To that end, and at the risk of repeating stuff that’s already been quoted above… I read this again this morning from lecture 6:

…Barth leaned over to him and said with considerable force which I shall never forget:
“Wohlverstanden, leibliche Auferstehung” – “Mark well, bodily resurrection”. That is a fine moment in the history of modern theology. But my point is that it should never have been necessary. The reason for agreeing with Barth, here, is not a theological a priori “We don’t like Docetism so let’s assume it must been bodily”, but rather a matter of history because, in the first century, a non-bodily resurrection would have been a contradiction in terms.
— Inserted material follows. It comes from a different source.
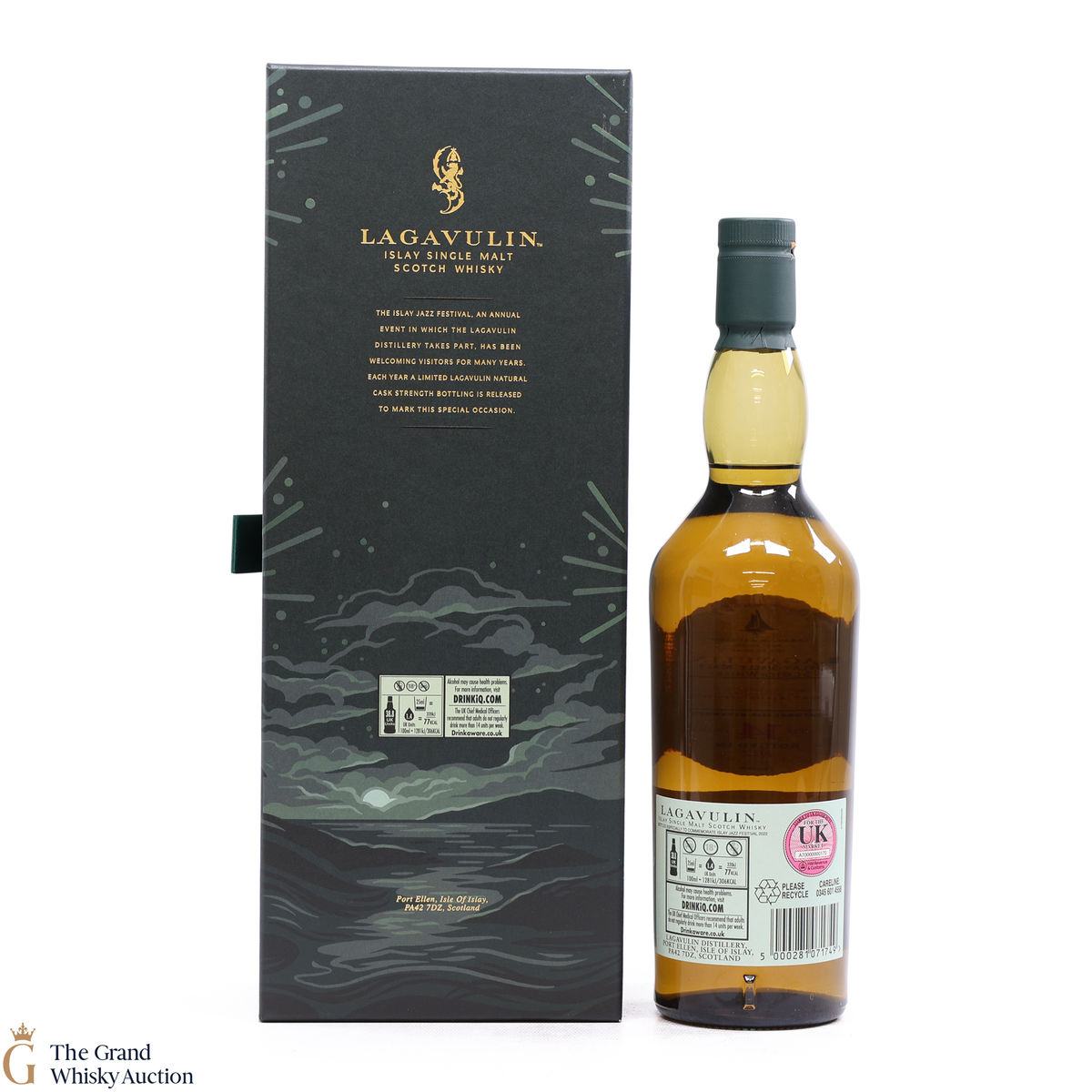 A bottling only released at the distillery bottled especially to commemorate the 2022 Jazz festival on Islay. This is one of only 3000 bottles that has uniquely been matured in refill American oak and then finished in brandy seasoned hogsheads. This has added an unexpected twist of sweetness to typical Lagavulin smokiness. Bottled at the cask strength of 55.4%.

Resurrection meant bodies; to think otherwise is to fail on your linguistic homework. Yes, the language of resurrection can be used metaphorically; yes, from the late second century Gnostic writers began to use the word to mean Platonic soul-survival. But Jews or Greeks who wanted to say that had perfectly good language to do so, and the word “resurrection” would, in Paul’s day, have made entirely the wrong point. The home base for the metaphor and for the Gnostic mutation was that resurrection always meant some new kind of bodily life. The other thing to get clear: the possibility of resurrection is that everybody in the first century world, except for the Pharisees and those Jews who followed them, understood what resurrection meant and knew it was impossible.

[my own emphasis added in above]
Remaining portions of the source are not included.